In Infinity War, Doctor Strange postulated that there was but one in 14 million possible outcomes that would break the Avengers’ way and though Endgame ultimately brings us to a destination few will find actually surprising, the journey there is wild, hugely unexpected, and a totally imagination-run-amok blast. There’s so much of the nuts and bolts, and cross-pollination of this movie that must have been a total logistic nightmare but seeing it play out is the kind of bonkers superhero hi-jinx that make the genre so joyously livening, so lean-forward-into-the-screen captivating. I can’t imagine any studio taking such creative risks twelve years ago but with such a devoted fanbase, Marvel is able to take some pretty massive risks and play off their collective history in such a way that few movies can even dream of ever weaving into their storytelling structure. Basically, if you’ve been along for the ride this long, the dividends are pretty huge and any devoted fan is going to find themselves enrapt in what can only be described as a virtual Marvel attraction. 
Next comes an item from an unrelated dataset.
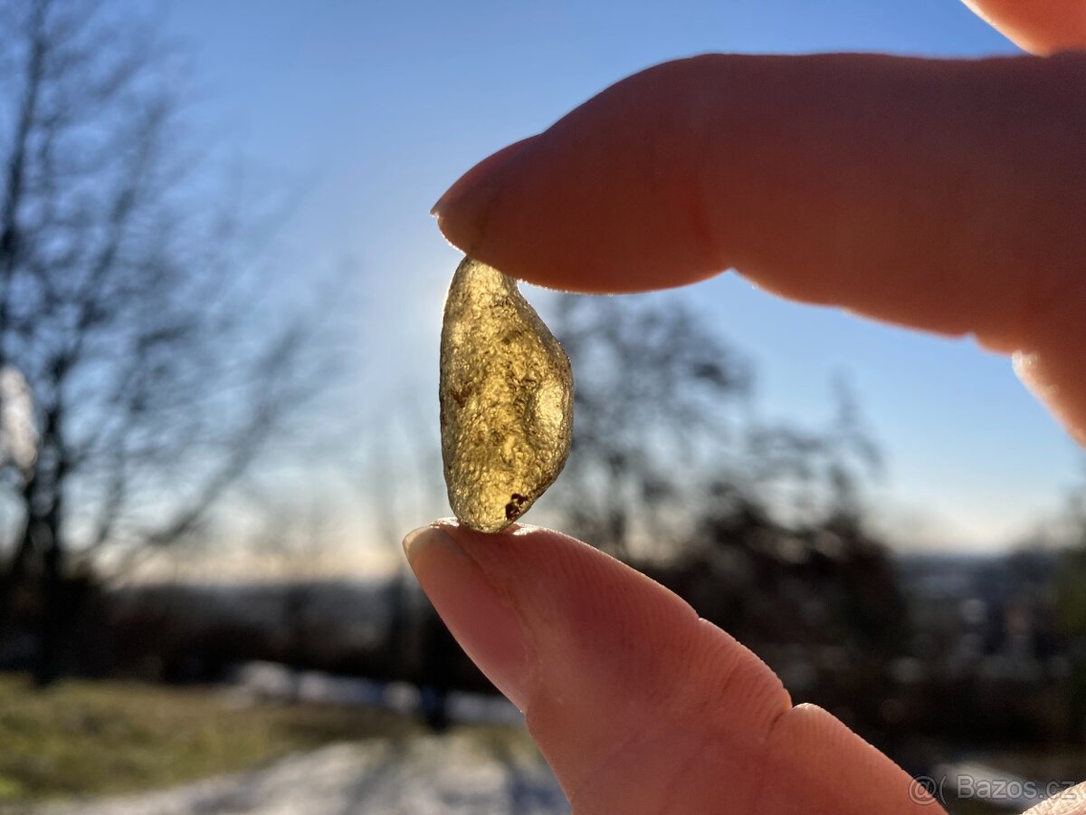 Nabízím k prodeji vltavín z lokality Suchohrdly. Rozměry tohoto kusu jsou 11x23x7 mm a hmotnost je 2,3 g.

There’s plenty of humor to be found in Endgame, especially at the meaty hands of Thor, especially now that the Marvel writing room has discovered in Hemsworth a mighty comedic presence and carved him into their drop-dead deadpan ham, but the conclusion to the Infinity Saga is also riddled with pathos. There are emotionally charged reunions here that reveal a delicateness not typically associated with the Marvel brand and as the story moves some of its key characters towards their own endgame, moments carry with them the weight of a decade-plus of character investment. And fortunately, the Russos invest a large chunk of their runtime to character work. 

Ever since Iron Man and Captain America threw in the towel on their relationship, fans have been awaited the proverbial burying of the hatchet and Endgame smartly pairs the two together no longer as ideological adversaries in supersuits but as men trying to preserve what stock they’ve carved out on this earth and how what’s worth fighting for for each of them may be at odds. Back in Iron Man, Stark changed the landscape of the known superhero universe which, in cinematic terms, had always driven a wedge between superhero and alter ego, by announcing his true identity. The Peter Parkers and the Spider-Mans, the Bruce Waynes and the Batmen; they have always been masked, lonely, splintered. With Tony Stark, we see a man whose divided self is actualized through his relationship with another: Steve Rogers, and Endgame finally seems to take the weighty moralizing that has fractured these two to task.

[Our review of Joss Whedon’s ‘Avengers: Age of Ultron‘]

Throughout 21 feature films, Marvel has grappled with ideas of consequence, collateral damage, greater good, traumatic stress, and personal sacrifice, but it’s always come up somewhat short in the face of an Earth-shattering universal threat that leaves the team shaken but never really down in numbers, the only serious deaths taking place offscreen. The emotional stakes feel as real as ever here because of the Russos smart decision to champion character over action set pieces. In doing so, our heroes are as convincingly sketched as they have ever been in their epic 3-hour conclusion, perhaps their most earnest attempt yet to scratch at the humanity beneath the suits of iron and shields of steel. The Russos genuinely distress the chinks in the armor and show that despite superheroism fundamentally being about wish-fulfillment from an audience perspective, at the end of the day, being encased in armor or swinging a magical hammer or shrinking to the size of an ant is about sacrifice and sometimes that means taking one for the team. 

CONCLUSION: ‘Avengers: Endgame’ accomplishes the magical task of wrapping up 12-years of storytelling while leaving the future bright and full of possibility and doing so in a nostalgic, self-referential, character-driven, technically-dazzling whirlwind that no other studio could really even dream of pulling off. It is the best Marvel movie to date.